Exception in thread "Thread-488" java.lang.OutOfMemoryError: GC overhead limit exceeded
at java.util.Arrays.copyOf(Arrays.java:2271)
at java.io.ByteArrayOutputStream.grow(ByteArrayOutputStream.java:113)
at java.io.ByteArrayOutputStream.ensureCapacity(ByteArrayOutputStream.java:93)
at java.io.ByteArrayOutputStream.write(ByteArrayOutputStream.java:140)
at sun.net.www.http.PosterOutputStream.write(PosterOutputStream.java:78)
at sun.nio.cs.StreamEncoder.writeBytes(StreamEncoder.java:221)
at sun.nio.cs.StreamEncoder.implWrite(StreamEncoder.java:282)
at sun.nio.cs.StreamEncoder.write(StreamEncoder.java:125)
at sun.nio.cs.StreamEncoder.write(StreamEncoder.java:135)
at java.io.OutputStreamWriter.write(OutputStreamWriter.java:220)
at java.io.Writer.write(Writer.java:157)
at maxela.tables.weboperations.POSTRequest.makePOST(POSTRequest.java:138)
On the bottom of the trace you can see the makePOST()
method which does the following:
writer = new OutputStreamWriter(conn.getOutputStream());
for (int j = 0 ; j < 3000 * 100 ; j++)
{
writer.write("&var" + j + "=garbagegarbagegarbage_"+ j);
}
writer.flush();
And writer.write()
throws the exception.
Also my experiments have shown that any exception related to the actual connection/IO with the server is thrown only after urlCon.getOutputStream()
is called. Even urlCon.connect()
seems to be "dummy" method which doesn't do any physical connection.
However if you call urlCon.getContentLengthLong()
which returns Content-Length: header field from the server response-headers - then URLConnection.getOutputStream() will be called automatically and in case there's exception - it will be thrown.
The exceptions thrown by urlCon.getOutputStream()
are all IOException, and I have met the follwing ones:
try
{
urlCon.getOutputStream();
}
catch (UnknownServiceException ex)
{
System.out.println("UnkownServiceException():" + ex.getMessage());
}
catch (ConnectException ex)
{
System.out.println("ConnectException()");
Logger.getLogger(POSTRequest.class.getName()).log(Level.SEVERE, null, ex);
}
catch (IOException ex) {
System.out.println("IOException():" + ex.getMessage());
Logger.getLogger(POSTRequest.class.getName()).log(Level.SEVERE, null, ex);
}
Hopefully my little research helps to people, as URLConnection class is a bit counter-intuitive in some cases thus, when implementing it - one needs to know what's it deals with.
Second reason is: when working with servers - the work with server may fail because of many reasons (connection, dns, firewall, httpresponses, server not being able to accept connection, server not being able to process request timely). Thus it is important to understand how exceptions raised can explain about what's actually happening with the connection.

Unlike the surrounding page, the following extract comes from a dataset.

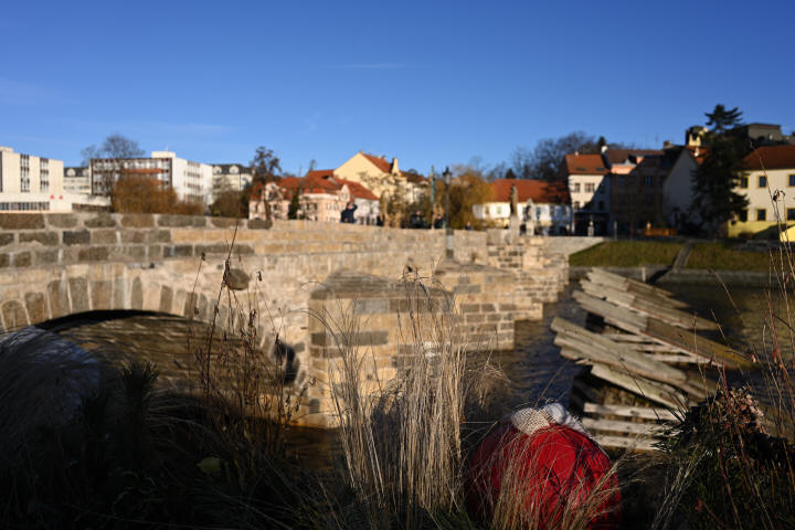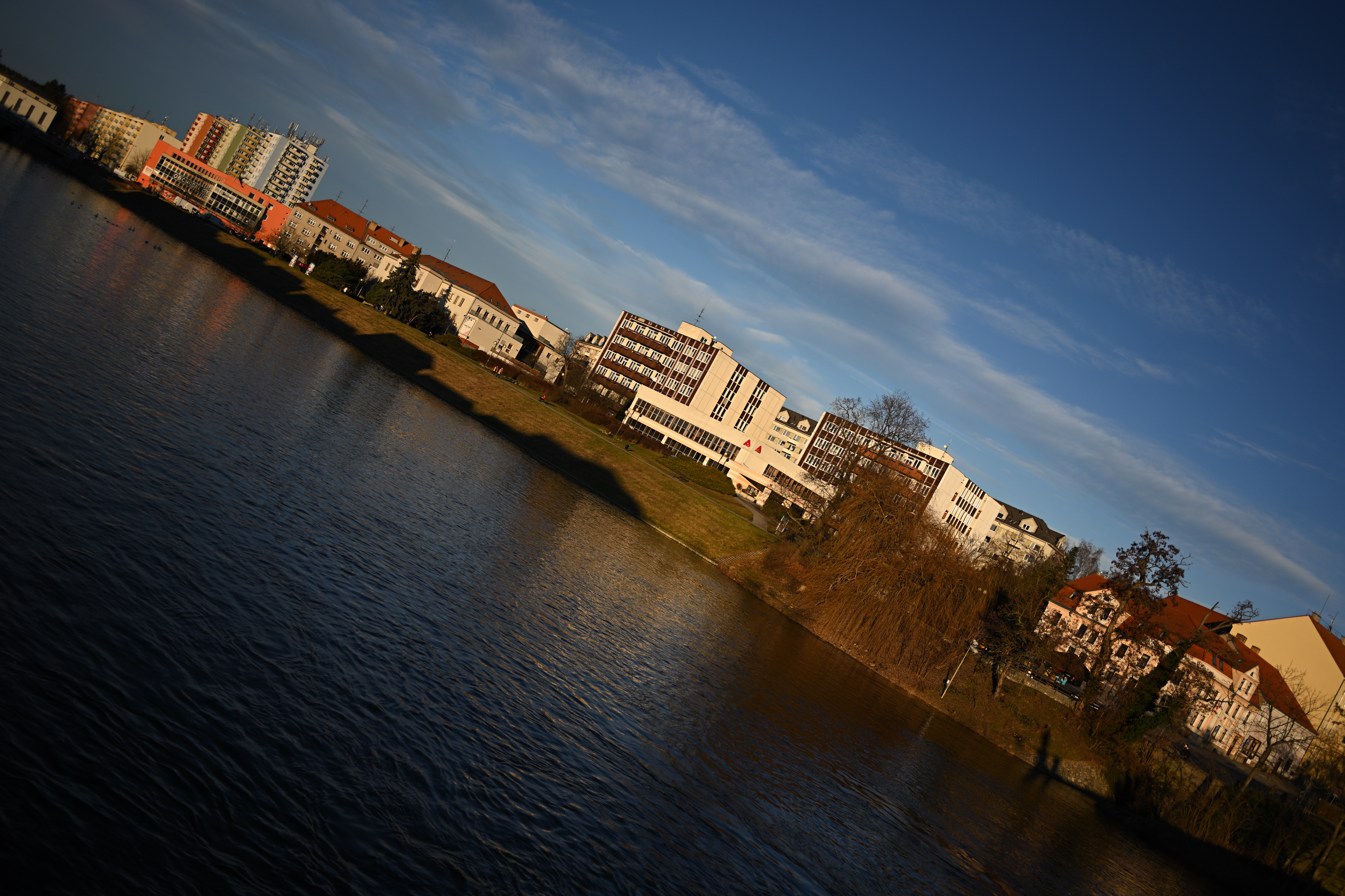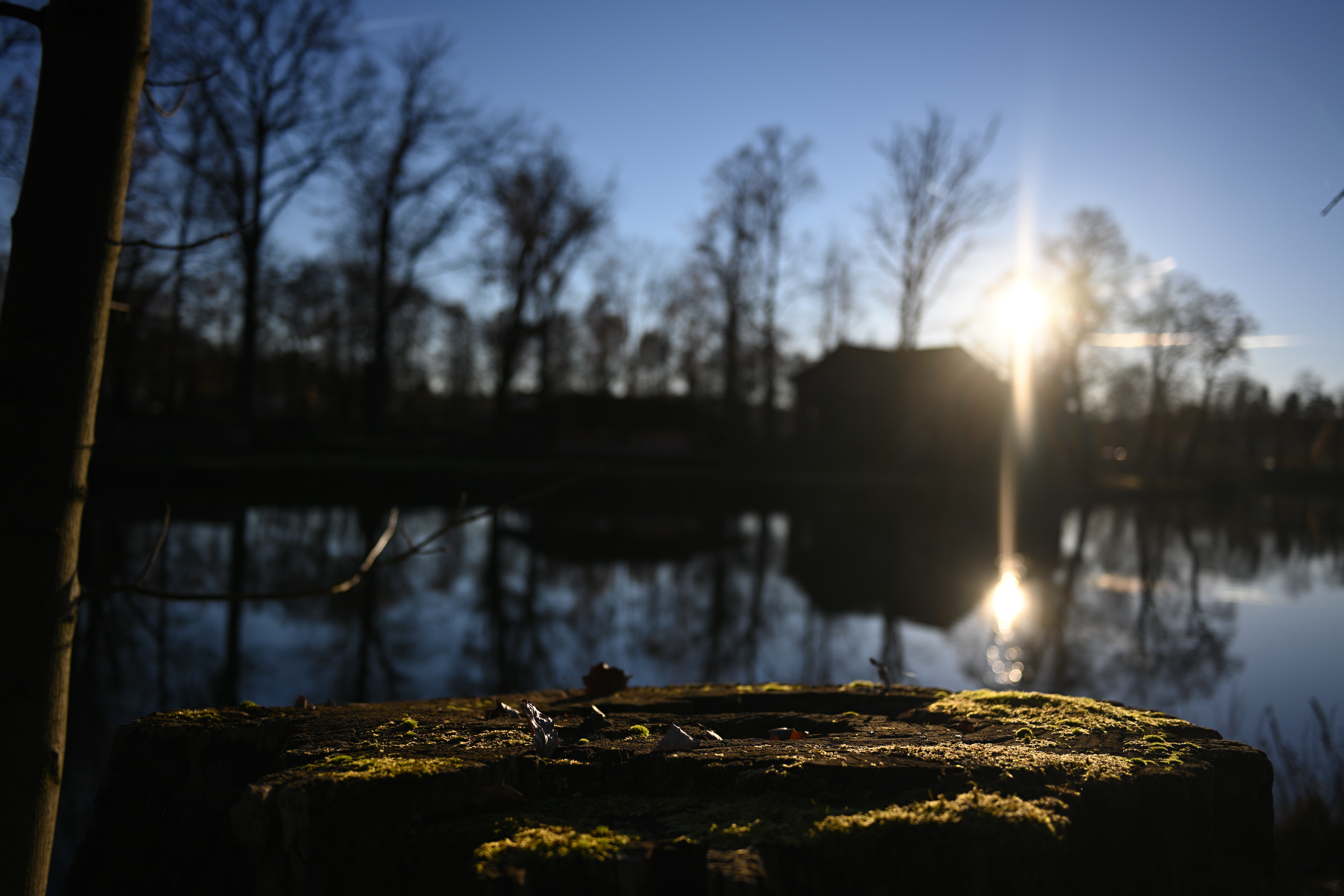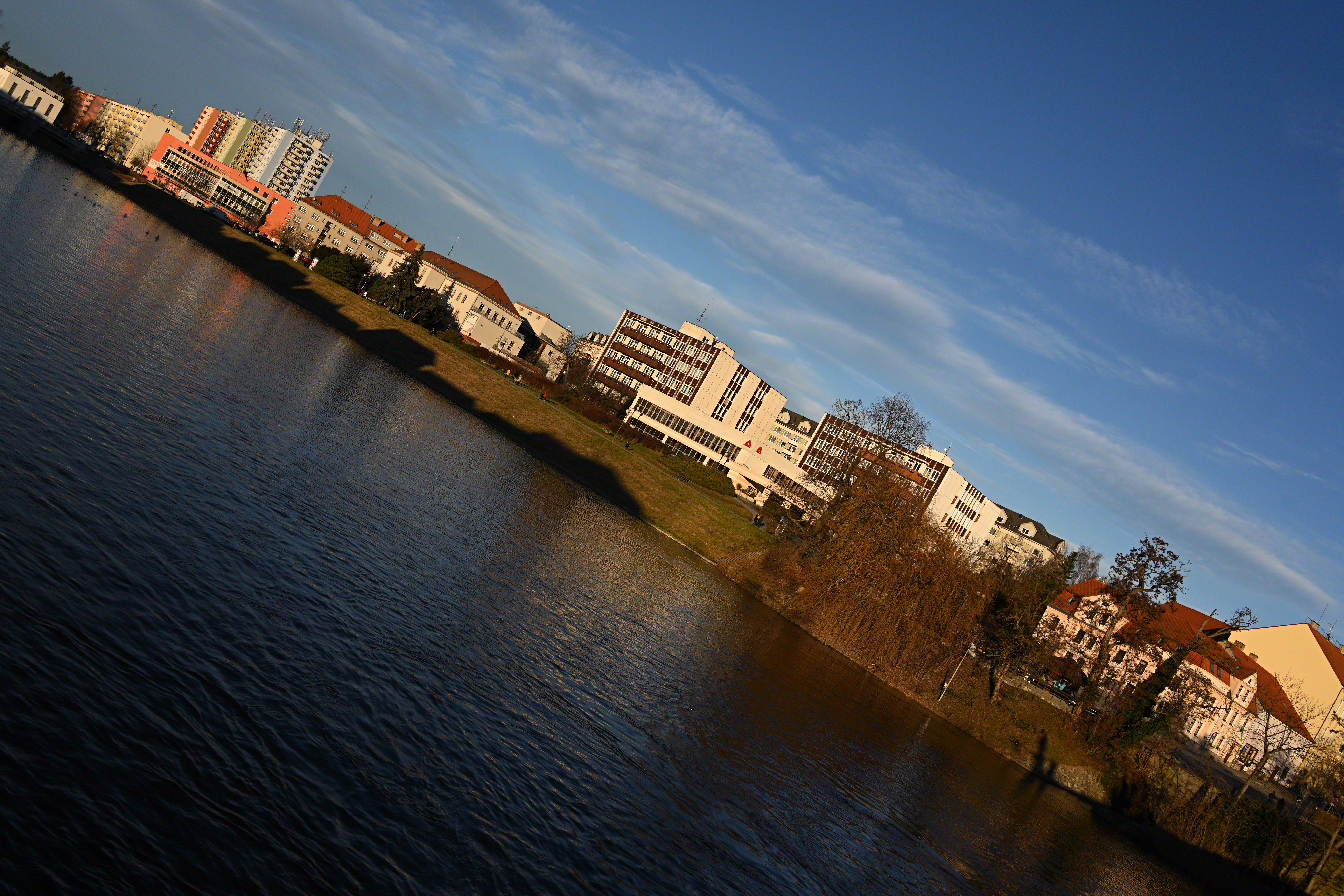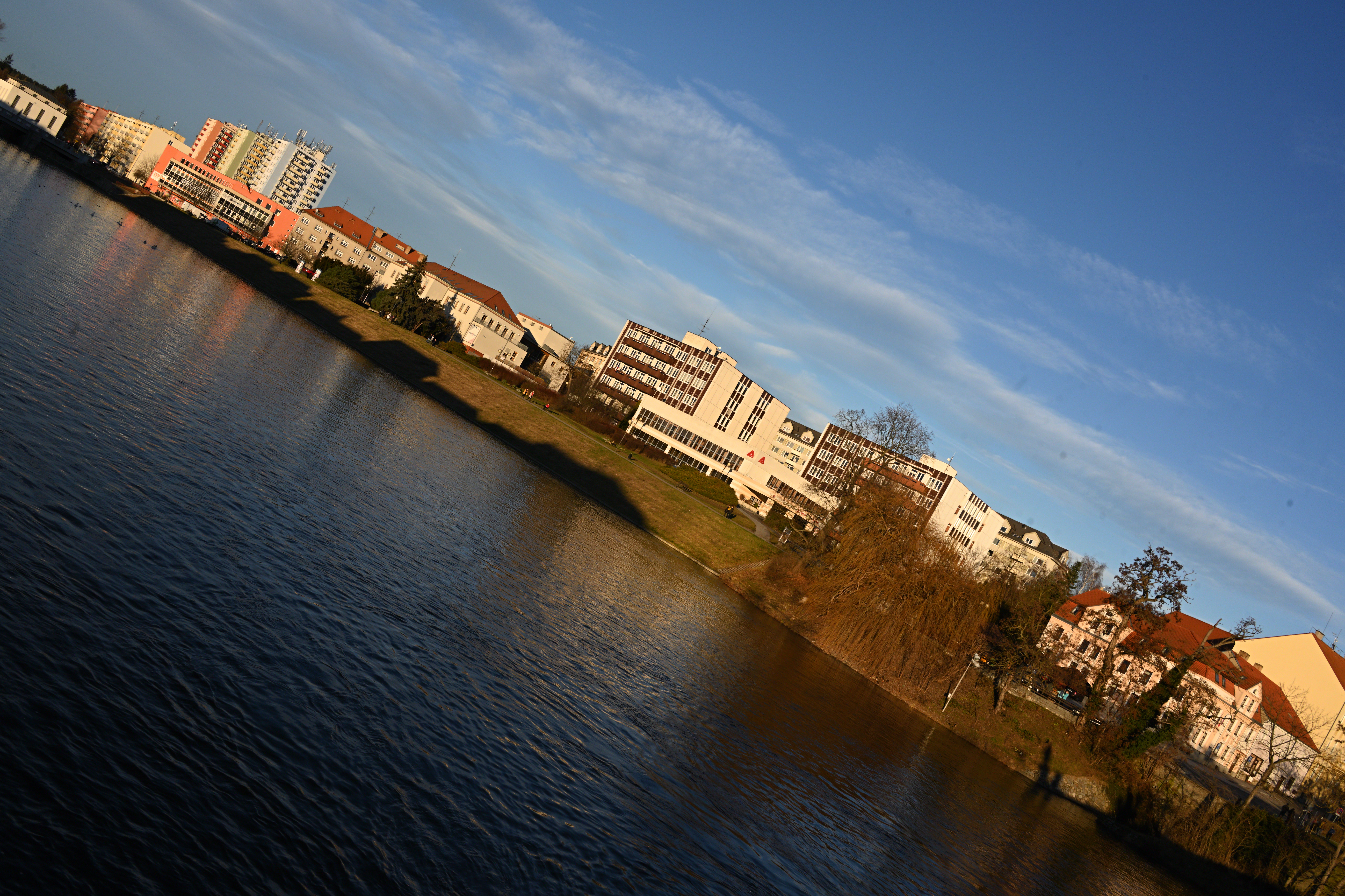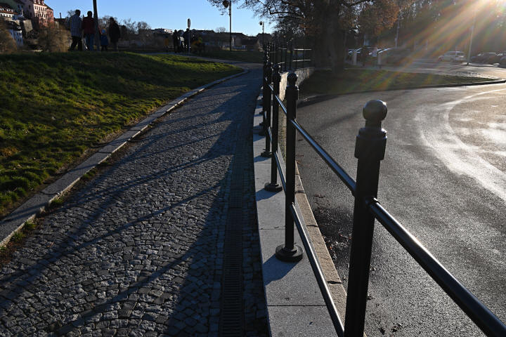 Aberaci, pokud je skutečně velká, nejde v editoru zcela odstranit. Projevuje se nevíce na nejnižším clonovém čísle a na rozmezí tmavých a světlých částí obrazu ve formě většinou fialových (v pozadí) nebo zelených obrysů (v popředí) - nejvíce na okrajích - učebnicovým příkladem jsou právě odlesky na tmavé vodní hladině, jemné větvičky stromů nebo odlesky na chromovaných předmětech či dlažebních kostkách. Výřezy odpovídají tiskové velikosti 180x120 cm, zobrazení na monitoru 1:1. Pokud chcete nějaký objektiv opravdu potrápit, tak odlesky na vodě v protisvětle nebo plechové cedule jsou zaručenou jistotou. Následující snímek je asi to nejhorší, co se mi podařilo ze všech snímků pořízených na clonové číslo 2,8 najít: Bez korekce Po automatické korekci aberace v Nikon Capture NX-D Nedá se tvrdit, že by se aberace nějak drasticky snižovala se zvyšujícím se clonovým číslem. Ale objevuje se prakticky pouze v okrajových částech obrazu a na drtivé většině snímků se jí podaří dobře odstranit. Zde odlesky na vodě, clonové číslo 2,8:

Calling getInputStream() signals that the client is finished sending it's request, and is ready to receive the response (per HTTP spec). It seems that the URLConnection class has this notion built into it, and must be flush()ing the output stream when the input stream is asked for.
As the other responder noted, you should be able to call flush() yourself to trigger the write.
The fundamental reason is that it has to compute a Content-length header automatically (unless you are using chunked or streaming mode). It can't do that until it has seen all the output, and it has to send it before the output, so it has to buffer the output. And it needs a decisive event to know when the last output has actually been written. So it uses getInputStream() for that. At that time it writes the headers including the content-length, then the output, then it starts reading the input.